- Born: April 13, 1936
- Died: January 25, 1965 Georgia, U.S.

NASCAR Cup Series career
- 126 races run over 4 years
- Best finish: 8th (1964)
- First race: 1961 Myers Brothers 200 (Bowman Gray)
- Last race: 1964 Unnamed Race (Jacksonville)
| Wins | Top tens | Poles |
| 0 | 56 | 0 |

= Larry Thomas (racing driver) =

American racing driver

Larry Thomas (April 13, 1936 – January 25, 1965) was a NASCAR Grand National Series driver from Thomasville, North Carolina. Thomas died in a non-racing related car crash during the start of the 1965 NASCAR season.

==Driving career==
Thomas began his racing career in 1956 driving hobby stocks and modifieds at Bowman-Gray Stadium.
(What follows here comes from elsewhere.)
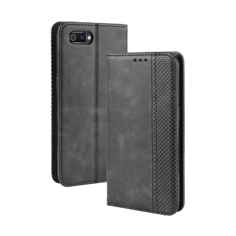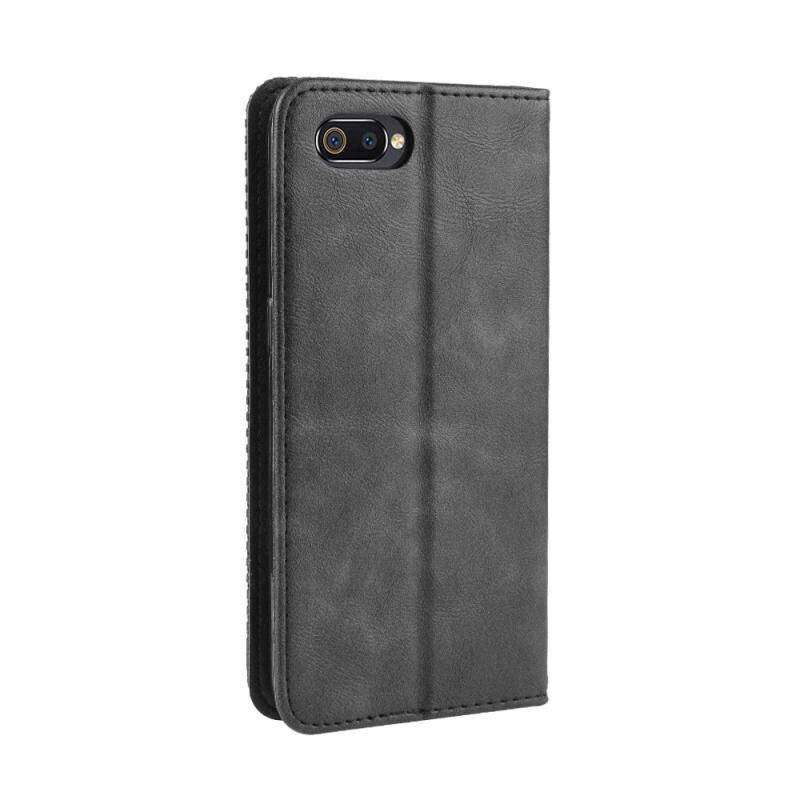 Μαγνητική πόρπη Retro Crazy Horse Υφή Οριζόντια Flip δερμάτινη θήκη για OPPO Realme C2 / A1K , με υποδοχή & υποδοχές καρτών & πλαίσιο φωτογραφιών (μαύρο)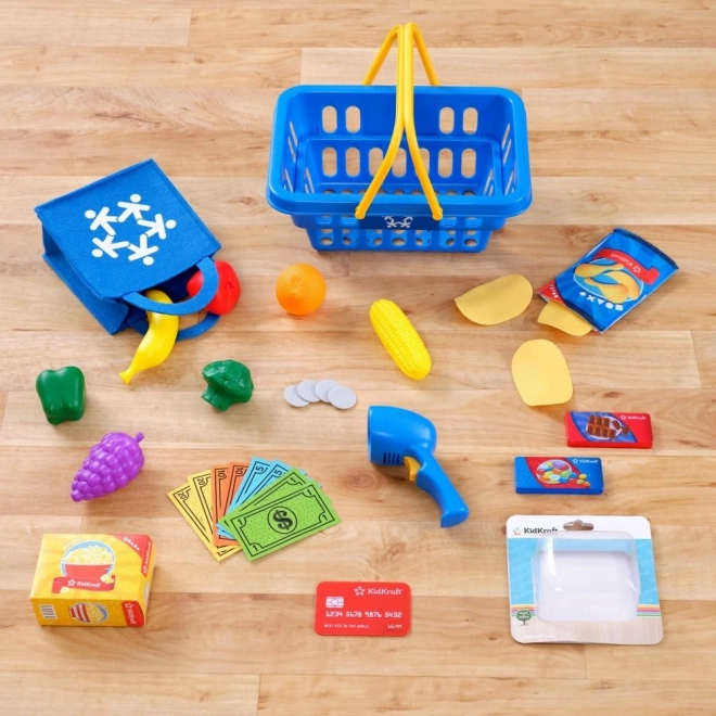 - 30 dielov: potraviny na hranie, košík, taška, kreditná karta, papierové bankovky a plastové mince

He began his NASCAR career in 1961 driving for Wade Younts. His best finish was seventh at South Boston Speedway. During the 1962 season, Thomas encountered a significant number of mechanical failures which marred him in seventeenth place in the standings. His 1963 campaign did not fare much better as he ended up twenty-second in the point standings. 1964 was Thomas' breakout season. Though he still suffered quite a few mechanical failures throughout the season, he finished eighth in the final point standings and earned a career-best second-place finish at Hickory Speedway. Also in 1964, Thomas was involved in a significant wreck at Jacksonville Speedway when he flipped over the Younts' owned Dodge. Thomas escaped without serious injury.

==Death==
Getting ready for the 1965 season, Thomas was driving to a tire test when he drove off Interstate 75 in Georgia and landed in a thirty-five foot embankment killing him instantly.